Source data
──────
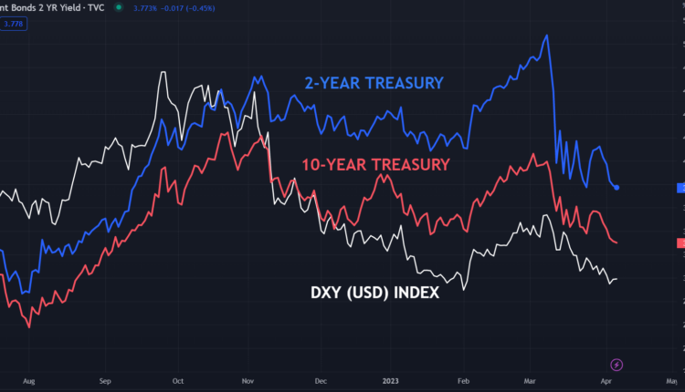 Treasury yields reflected this perspective of a less hawkish Fed to some degree, but the US Dollar found some support. Recent trading sessions have typically seen the greenback loosely track Treasury yields up or down.
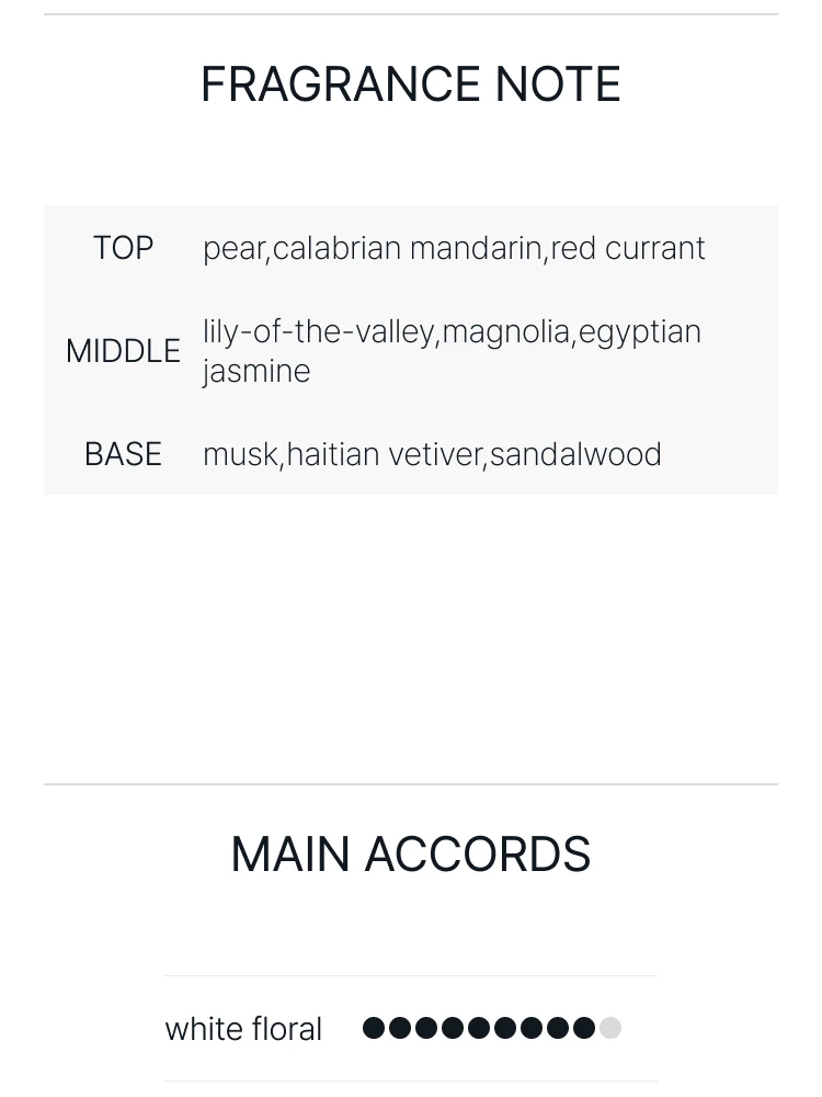 [부향률] - 오 드 뚜왈렛 [메인 어코드] - 화이트플로랄 / 프루티 / 시트러스 [메인 노트] - 탑 노트: 페어, 칼라브리언 만다린, 레드 커런트 - 미들 노트: 릴리 오브 더 밸리, 매그놀리아, 이집트 자스민 - 베이스 노트: 머스크, 베티버, 샌달우드 [향 설명] - 꽃잎의 살랑이는 자연의 바람의 내음
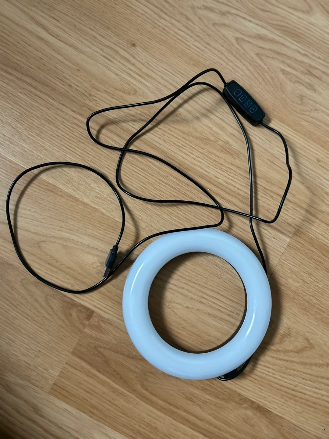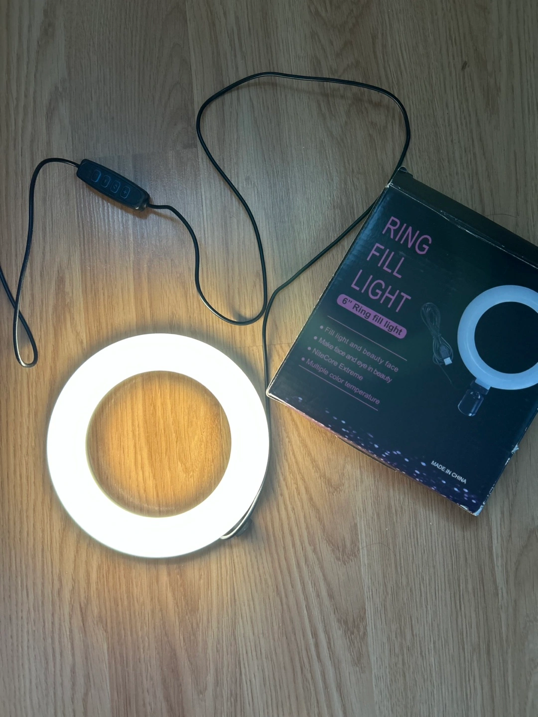 6” ring light with 3 different modes and adjustable brightness. Does not come with a stand but can be screwed onto one. Requires a USB charging block for use.
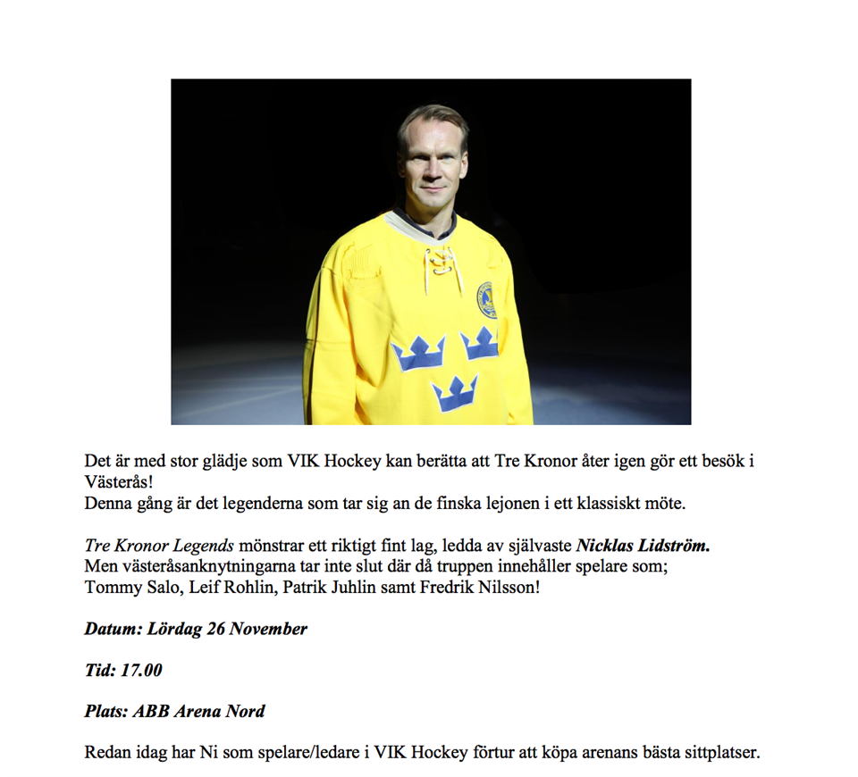Spelare/ledare har möjlighet till förköp av biljetter till Tre Kronor Legends den 26/11. Sittplats 100 kr och Ståplats 20 kr. Mejla till karin.oskarsson@icloud.com ange namn och antal biljetter. OBS! Senast imorgon torsdag 10/11 kl 22,00 vill jag ha beställningen, fredag 11/11 kl 12,00 släpps biljetterna till försäljning för allmänheten. Observera att Div 1 har bortamatch denna dag! Dam 9 nov 2016 0kommentarer
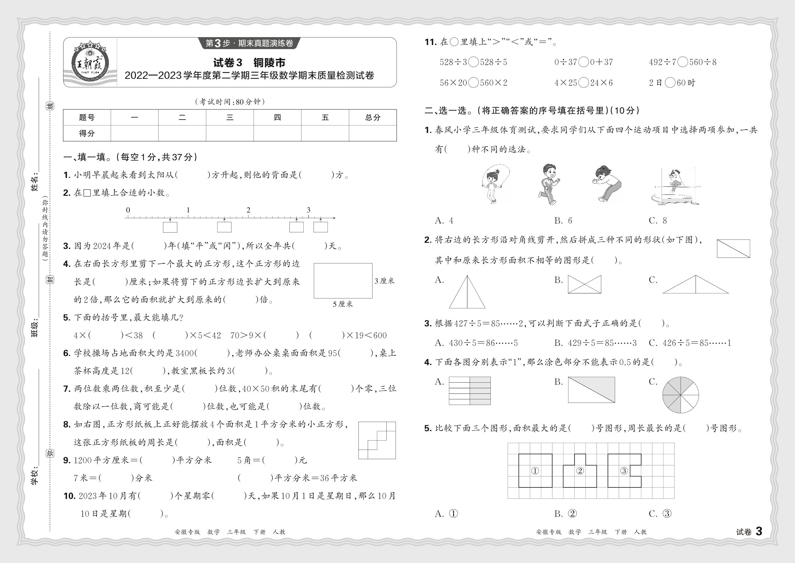 安徽省铜陵市2022—2023学年度第二学期三年级数学期末质量检测试卷(人教版)【3】
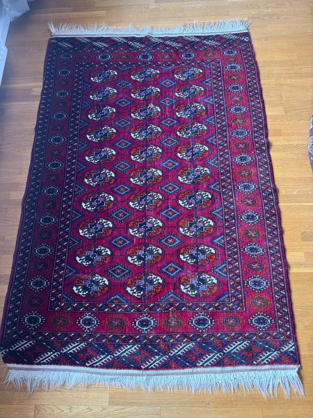 Mattan har ett detaljerat mönster i rött, blått, orange och vitt. Den har fransar i båda ändar.
──────
WHAT YOU HAVE TO DO: Quote only the lines that start at the line holding "安徽省铜陵市2022—202" and end at the last line of the entries, including both of those lines, and omit every picture.

ANSWER FOR THIS EXERCISE:
 安徽省铜陵市2022—2023学年度第二学期三年级数学期末质量检测试卷(人教版)【3】
 Mattan har ett detaljerat mönster i rött, blått, orange och vitt. Den har fransar i båda ändar.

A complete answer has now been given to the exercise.